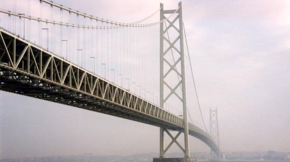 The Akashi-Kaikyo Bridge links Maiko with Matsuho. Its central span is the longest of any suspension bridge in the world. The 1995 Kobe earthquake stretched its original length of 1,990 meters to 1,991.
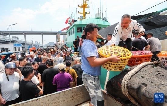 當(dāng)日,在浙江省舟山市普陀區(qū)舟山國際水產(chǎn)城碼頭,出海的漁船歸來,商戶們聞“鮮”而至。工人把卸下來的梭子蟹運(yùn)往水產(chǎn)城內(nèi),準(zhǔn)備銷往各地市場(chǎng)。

^^^^^^^^^^^^^^^^

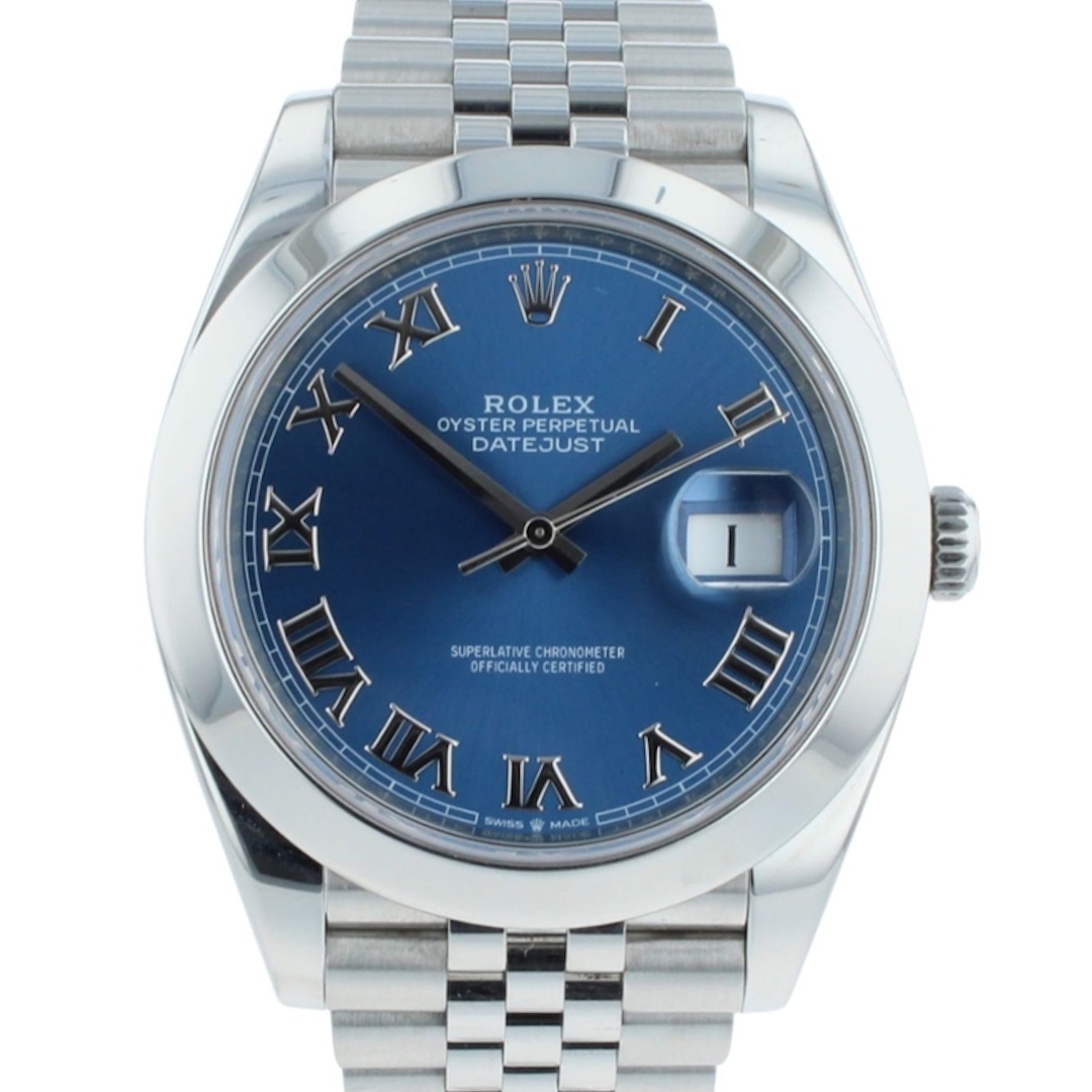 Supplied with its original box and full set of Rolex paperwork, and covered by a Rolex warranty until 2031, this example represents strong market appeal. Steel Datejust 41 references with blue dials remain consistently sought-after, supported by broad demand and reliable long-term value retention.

^^^^^^^^^^^^^^^^

■ The task
Reproduce the records above exactly, but only from the line with "The Akashi-Kaikyo Bridge" up to and including the line with "當(dāng)日,在浙江省舟". Leave the pictures out.

■ Answer section
 The Akashi-Kaikyo Bridge links Maiko with Matsuho. Its central span is the longest of any suspension bridge in the world. The 1995 Kobe earthquake stretched its original length of 1,990 meters to 1,991.
 當(dāng)日,在浙江省舟山市普陀區(qū)舟山國際水產(chǎn)城碼頭,出海的漁船歸來,商戶們聞“鮮”而至。工人把卸下來的梭子蟹運(yùn)往水產(chǎn)城內(nèi),準(zhǔn)備銷往各地市場(chǎng)。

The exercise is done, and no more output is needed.